A study by the University of Maine found that one-third of responding companies said their ability to sell or harvest wood had decreased over the prior five years, although 39% said nothing had changed and 28% felt their ability had increased.
The cost of doing business has risen in the forest industry over the past few years, and numerous other economic factors aren’t making it easier for logging and trucking firms to maximize production, according to a new report from the University of Maine.
When asked what production factors weighed most heavily on their ability to maximize production, inflation and business costs were most frequently mentioned by firms, with 67% of responding logging firms saying they saw their business costs rise between 21% and 40% in the two years following September 2020. Costs rose over 50% for 16% of firms. Mill closures, market prices and access to qualified labor follow closely behind.
The analysis, funded by the Professional Logging Contractors of Maine, was conducted by a UMaine professor and a research associate and published in February. The researchers analyzed the survey responses provided in fall 2022 by just under half of member companies of the Professional Logging Contractors of Maine, which funded the research.
One-third of responding companies found that their ability to sell or harvest wood had decreased over the prior five years, although 39% said nothing had changed and 28% felt their ability had increased. A large majority — 78% — of firms responded that there are “sufficient markets for the wood that they harvest.”
“This study demonstrates the immense impact logging and forest trucking has on the Maine economy and highlights its importance as the foundation of the state’s entire $8.1 billion forest products industry,” said Dana Doran, the executive director of the Professional Logging Contractors of Maine, in a news release. “It also shows an industry in crisis and reveals what Maine stands to lose if the challenges threatening logging are not overcome.”

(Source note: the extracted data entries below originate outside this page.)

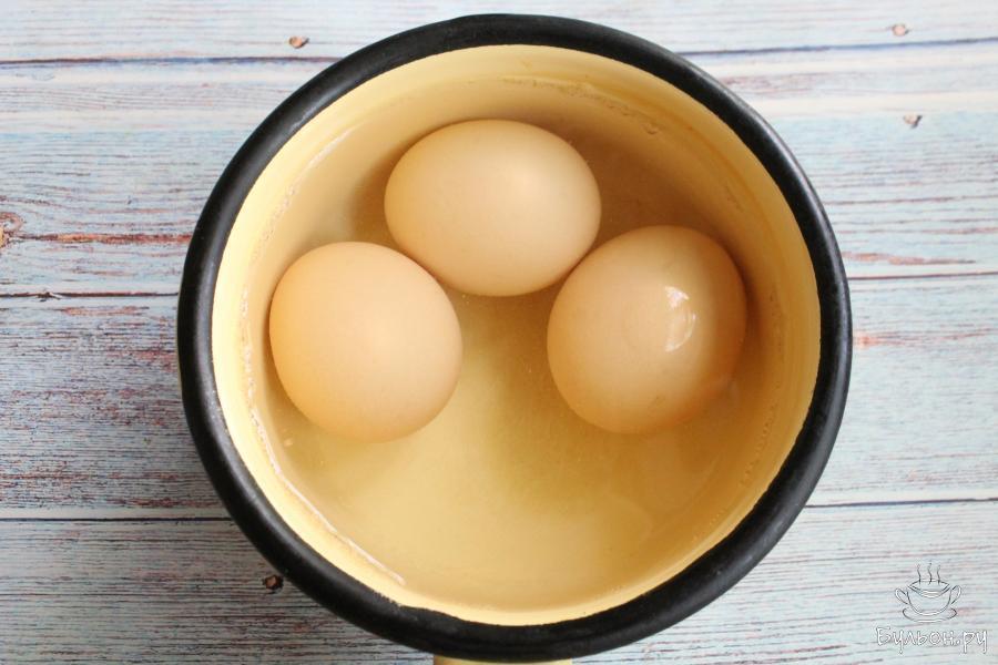 5. Между тем приготовим соус. Варим яйца вкрутую, в течении 10 минут после закипания воды, остудим яйца и почистим.
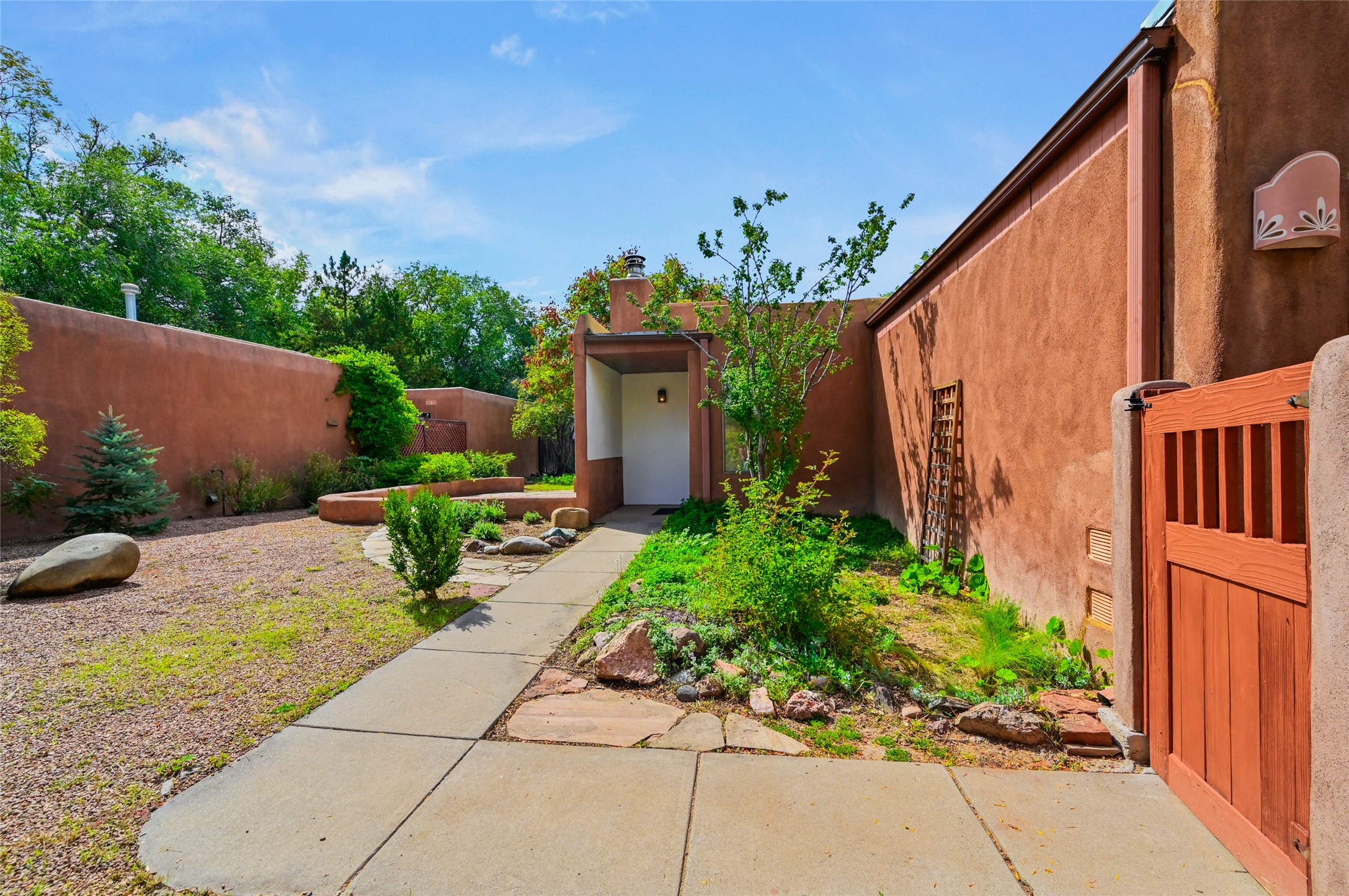 Nestled in the serene Pueblo Alegre neighborhood at the end of a quiet cul-de-sac, this bright and inviting home combines comfort with convenience. Situated opposite a lush park and surrounded by mature fruit trees, a vegetable garden, and a flagstone patio, the outdoor spaces are perfect for relaxation and connecting with nature. Inside, you'll discover new flooring and a well-maintained interior featuring a spacious, open layout and a primary bedroom with natural light and a custom closet. Enjoy easy access to scenic walking and biking along the nearby Santa Fe River Trail. Pueblo Alegre, a beloved subdivision opposite Frenchy's Field City Park, offers two small parks and a children's playground--creating an ideal setting for peaceful living just minutes from all Santa Fe has to offer.
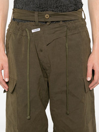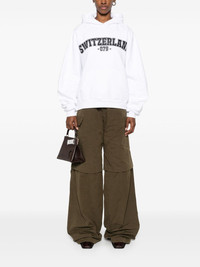baggy cargo trousers Highlights - Khaki - Concealed front zip fastening - Elasticated drawstring waistband - Two side slash pockets - When buying this unisex item, keep in mind that it is graded in standard men's sizing. Imported Composition Cotton 45%, Polyester 39%, Polyamide 16% SIZE & FIT Model measurements Height 5 ft 10 in(1.77 m) Bust/Chest 29.92 in(76 cm) Hips 34.25 in(87 cm) Waist 23.62 in(60 cm) FittingInformation This piece is unisex and is designed with a wide-leg, whether you usually select women's or men's sizes Adjust this piece’s waistband to your preference using the drawstring Made from a midweight non-stretch fabric
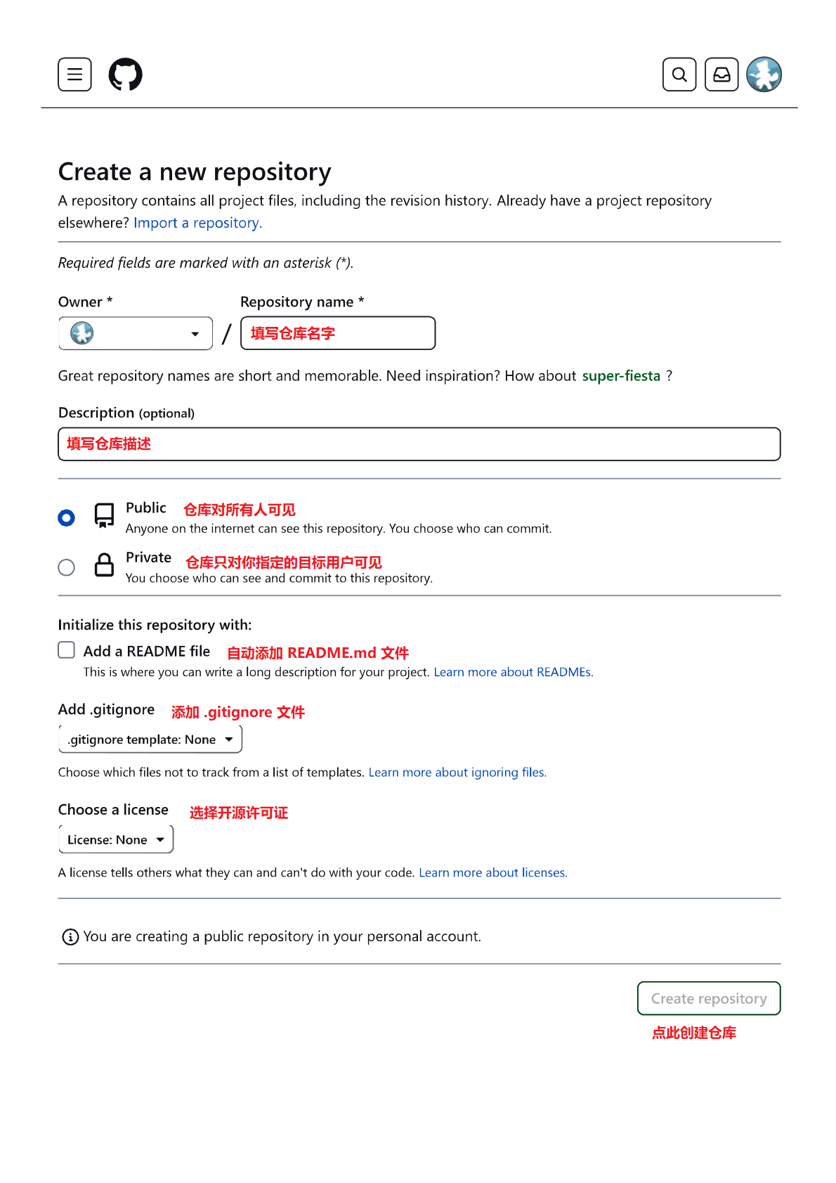 选择 Public 将意味着你的仓库对大众可见,而 Private 则意味着仓库只对指定的用户可见。根据你的需求选择即可,如果你只是想跟着本文学习一下使用,则选择两者皆可。
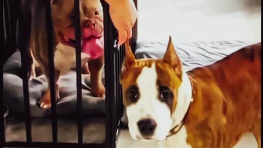 Американский булли Лейла знакомится с "арахисом". Короткий ролик о большой пользе

Researchers also reviewed quarterly employment and wage figures to find that between 2014 and 2021, Maine saw a 15% decline in total logging industry jobs.
“It should be emphasized that 2021 was a unique year, with much of the world and the industry still rebounding from the COVID-19 pandemic, which drastically altered supply chains, and the eruption of the Pixelle Specialty Solutions paper digester,” the report noted, referring to the April 2020 explosion in Jay that destroyed a digester and ruined another but resulted in no deaths.
At least one firm in every county — except Sagadahoc County — responded to the survey, although Aroostook County appeared to have the most responding firms, according to a color-coded chart that accompanied the survey.